### Task details:
Beneath this line sits some data. Return only its lines from the one holding "안녕하세요. AI소프트웨어학과입니다. 2024학년도" through the one holding "变量可以进行算术运算,变量可", inclusive, exactly, with the images removed.
----- Data extracts
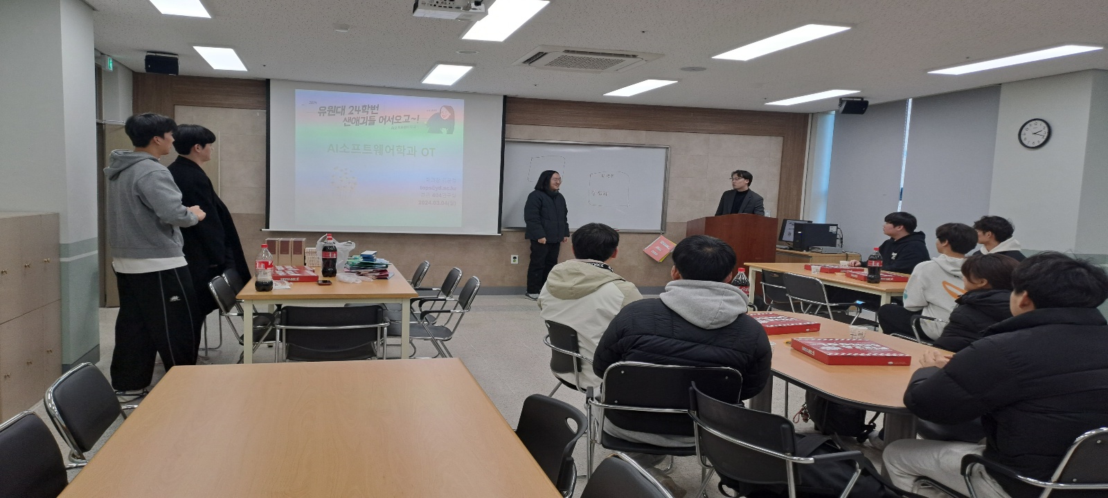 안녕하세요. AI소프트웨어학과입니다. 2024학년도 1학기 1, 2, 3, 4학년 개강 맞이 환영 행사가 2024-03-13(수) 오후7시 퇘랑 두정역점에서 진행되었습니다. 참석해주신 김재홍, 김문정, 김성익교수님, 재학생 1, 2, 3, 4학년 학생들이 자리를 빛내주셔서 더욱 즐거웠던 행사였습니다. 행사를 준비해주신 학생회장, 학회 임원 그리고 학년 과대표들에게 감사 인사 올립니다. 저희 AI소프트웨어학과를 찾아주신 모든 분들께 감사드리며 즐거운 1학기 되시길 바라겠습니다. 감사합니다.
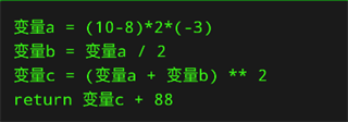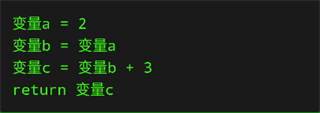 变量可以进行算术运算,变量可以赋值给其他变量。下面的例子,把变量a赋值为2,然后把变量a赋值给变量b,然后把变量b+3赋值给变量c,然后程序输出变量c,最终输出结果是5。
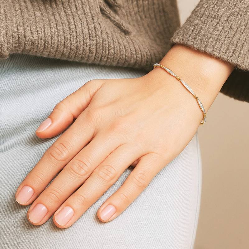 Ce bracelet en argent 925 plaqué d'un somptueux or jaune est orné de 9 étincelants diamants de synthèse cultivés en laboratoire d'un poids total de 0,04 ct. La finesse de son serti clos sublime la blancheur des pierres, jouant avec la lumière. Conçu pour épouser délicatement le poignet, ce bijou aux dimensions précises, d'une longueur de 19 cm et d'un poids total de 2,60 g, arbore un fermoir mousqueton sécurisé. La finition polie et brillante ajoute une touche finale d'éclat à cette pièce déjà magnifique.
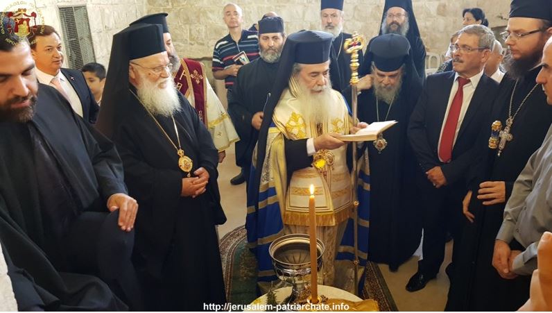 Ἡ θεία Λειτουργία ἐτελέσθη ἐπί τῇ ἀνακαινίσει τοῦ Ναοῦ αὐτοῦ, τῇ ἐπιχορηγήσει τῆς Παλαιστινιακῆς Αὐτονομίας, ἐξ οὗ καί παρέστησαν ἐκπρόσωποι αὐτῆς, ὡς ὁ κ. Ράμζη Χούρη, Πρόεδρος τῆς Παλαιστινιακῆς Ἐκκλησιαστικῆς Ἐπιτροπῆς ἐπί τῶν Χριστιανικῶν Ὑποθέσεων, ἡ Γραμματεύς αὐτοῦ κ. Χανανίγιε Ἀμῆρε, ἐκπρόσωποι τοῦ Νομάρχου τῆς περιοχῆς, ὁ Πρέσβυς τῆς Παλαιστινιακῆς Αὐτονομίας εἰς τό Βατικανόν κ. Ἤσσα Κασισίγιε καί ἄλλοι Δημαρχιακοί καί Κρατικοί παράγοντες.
----------
----- Data extracts
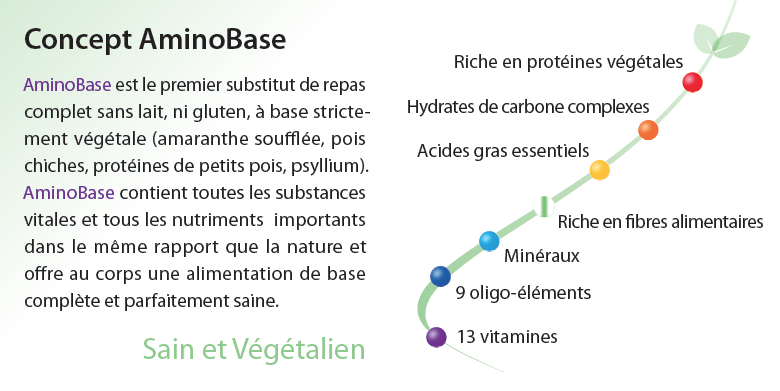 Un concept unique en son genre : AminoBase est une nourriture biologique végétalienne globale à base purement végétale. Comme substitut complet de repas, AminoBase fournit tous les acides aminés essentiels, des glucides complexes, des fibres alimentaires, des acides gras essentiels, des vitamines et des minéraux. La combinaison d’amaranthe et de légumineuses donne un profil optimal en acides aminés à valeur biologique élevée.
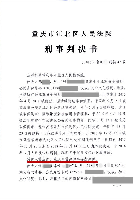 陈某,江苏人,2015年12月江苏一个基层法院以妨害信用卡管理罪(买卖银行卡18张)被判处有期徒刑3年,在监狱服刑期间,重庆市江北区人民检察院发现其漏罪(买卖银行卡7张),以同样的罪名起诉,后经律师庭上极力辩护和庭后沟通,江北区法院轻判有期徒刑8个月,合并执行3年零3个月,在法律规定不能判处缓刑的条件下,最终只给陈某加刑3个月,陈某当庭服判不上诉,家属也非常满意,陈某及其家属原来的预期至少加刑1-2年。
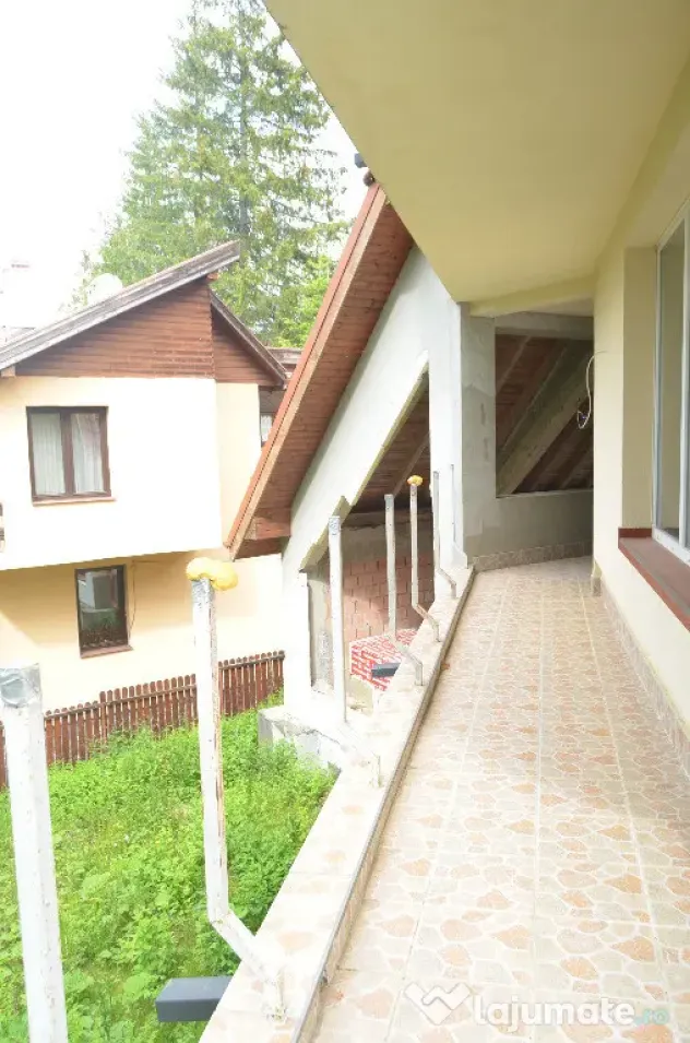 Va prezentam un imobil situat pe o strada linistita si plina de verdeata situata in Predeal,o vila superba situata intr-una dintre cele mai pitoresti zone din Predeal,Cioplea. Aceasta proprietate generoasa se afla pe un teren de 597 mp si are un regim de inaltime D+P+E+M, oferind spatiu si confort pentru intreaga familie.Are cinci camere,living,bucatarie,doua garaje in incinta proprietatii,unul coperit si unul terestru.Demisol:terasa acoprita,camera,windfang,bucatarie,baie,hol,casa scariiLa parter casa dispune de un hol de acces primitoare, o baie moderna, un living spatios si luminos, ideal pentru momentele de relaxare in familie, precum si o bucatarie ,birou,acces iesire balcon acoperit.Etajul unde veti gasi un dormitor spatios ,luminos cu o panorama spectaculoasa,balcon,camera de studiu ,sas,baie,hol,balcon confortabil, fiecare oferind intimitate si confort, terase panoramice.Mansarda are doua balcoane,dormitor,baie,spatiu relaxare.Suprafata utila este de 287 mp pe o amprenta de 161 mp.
----------
### Reply:
 안녕하세요. AI소프트웨어학과입니다. 2024학년도 1학기 1, 2, 3, 4학년 개강 맞이 환영 행사가 2024-03-13(수) 오후7시 퇘랑 두정역점에서 진행되었습니다. 참석해주신 김재홍, 김문정, 김성익교수님, 재학생 1, 2, 3, 4학년 학생들이 자리를 빛내주셔서 더욱 즐거웠던 행사였습니다. 행사를 준비해주신 학생회장, 학회 임원 그리고 학년 과대표들에게 감사 인사 올립니다. 저희 AI소프트웨어학과를 찾아주신 모든 분들께 감사드리며 즐거운 1학기 되시길 바라겠습니다. 감사합니다.
 变量可以进行算术运算,变量可以赋值给其他变量。下面的例子,把变量a赋值为2,然后把变量a赋值给变量b,然后把变量b+3赋值给变量c,然后程序输出变量c,最终输出结果是5。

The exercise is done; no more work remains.